### Records provided:
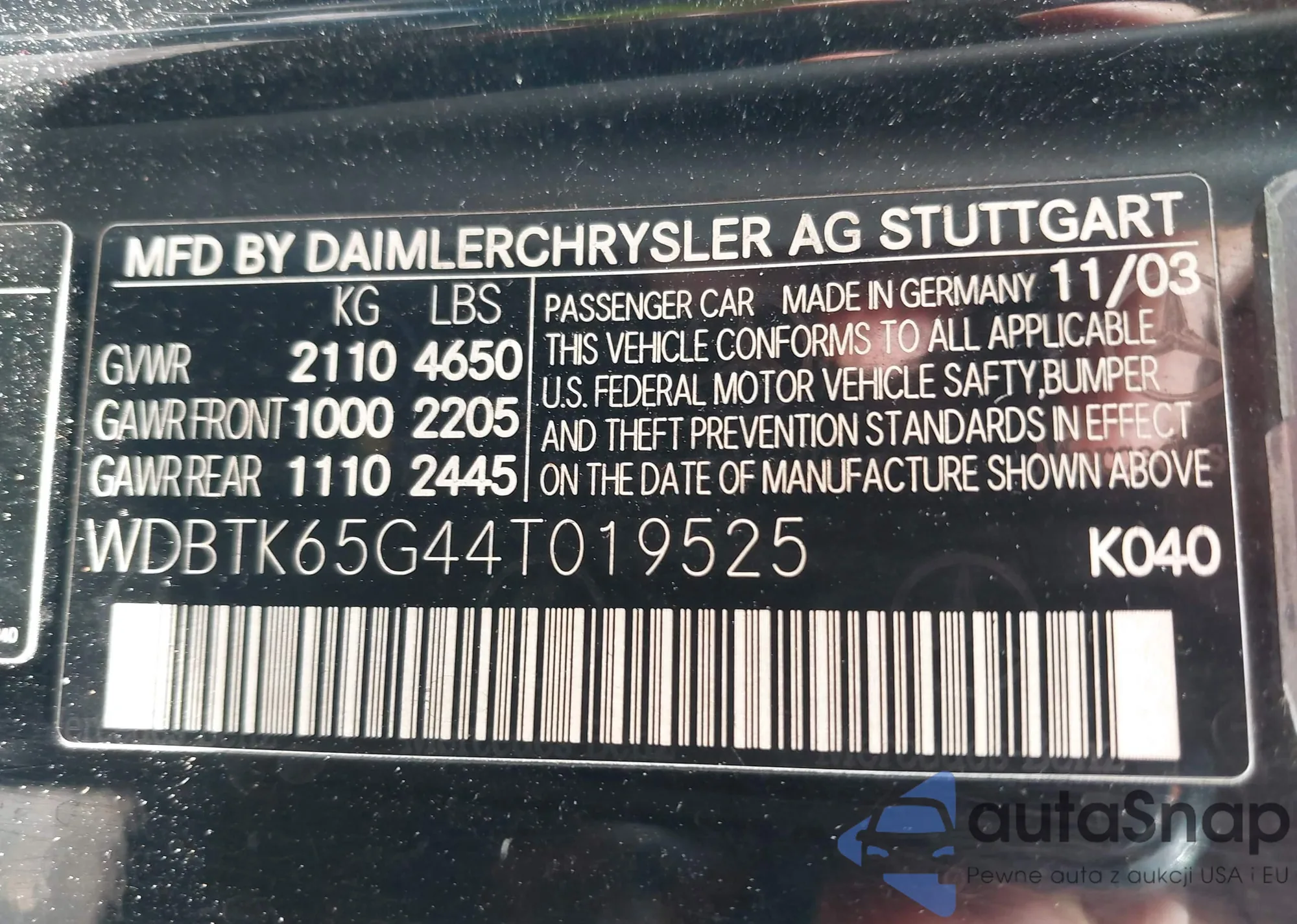 LOT: 42992828 VIN: WDBTK65G44T019525
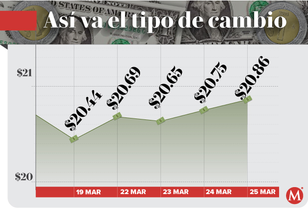 El Banco de México (Banxico) registró la sesión previa un tipo de cambio de 20.78 pesos por dólar.
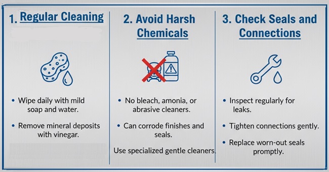 - Check Seals and Connections: Periodically inspect caulking and faucet fittings to ensure they remain tight and watertight. Early detection of loose seals prevents leaks and water damage.
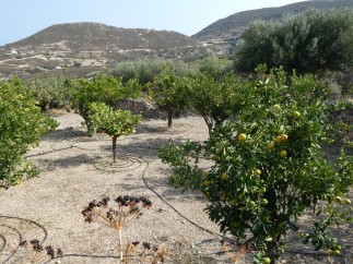 Vergers d'Agia Triada, Milos, octobre 2021. Les orangers et les cèdres y seraient parfaitement beaux si l’on avait l’industrie de les cultiver.
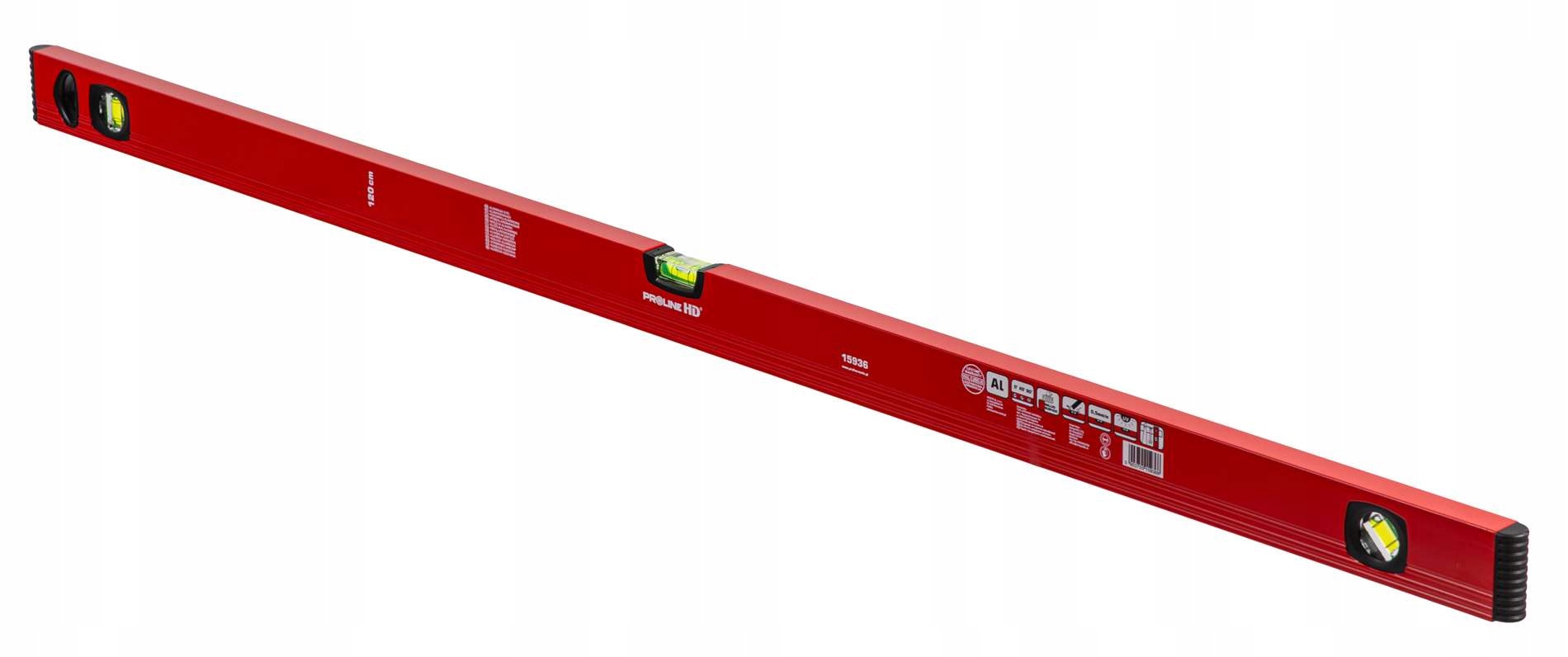 Рівень PROLINE HD алюмінієвий, фрезерований край, 3 флакони, 120 см
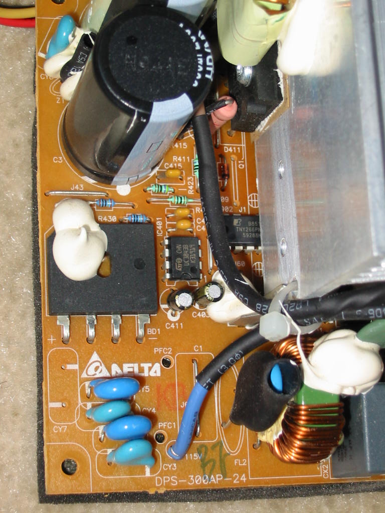 Actually, this PSU looks very similar if not nearly identical to the H305P-01 which c_hegge reviewed way back when and the H305N-00 which cubecomputerchannel posted a video of a long while back, featuring more failed Teapos and LTECs. The only notable difference is the inclusion and the lack of P-PFC, and the fan is mounted differently in those models with a much less convenient airflow arrangement, possibly leading to (or accelerating) discoloration on the underside of the PCB where that resistor is, as shown in the review of the H305P-01.
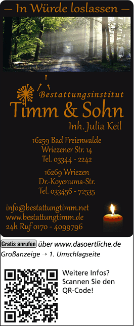 Die Adresse von Beerdigungsinstitut Timm lautet: Wriezener Str. 14, 16259 Bad Freienwalde (Oder)

### Work to be completed:
Copy exactly the lines that run from the one containing "Vergers d'Agia Triada, Milos, octobre" to the last line of the records, both included, and leave out every picture.

### Output of the task:
 Vergers d'Agia Triada, Milos, octobre 2021. Les orangers et les cèdres y seraient parfaitement beaux si l’on avait l’industrie de les cultiver.
 Рівень PROLINE HD алюмінієвий, фрезерований край, 3 флакони, 120 см
 Actually, this PSU looks very similar if not nearly identical to the H305P-01 which c_hegge reviewed way back when and the H305N-00 which cubecomputerchannel posted a video of a long while back, featuring more failed Teapos and LTECs. The only notable difference is the inclusion and the lack of P-PFC, and the fan is mounted differently in those models with a much less convenient airflow arrangement, possibly leading to (or accelerating) discoloration on the underside of the PCB where that resistor is, as shown in the review of the H305P-01.
 Die Adresse von Beerdigungsinstitut Timm lautet: Wriezener Str. 14, 16259 Bad Freienwalde (Oder)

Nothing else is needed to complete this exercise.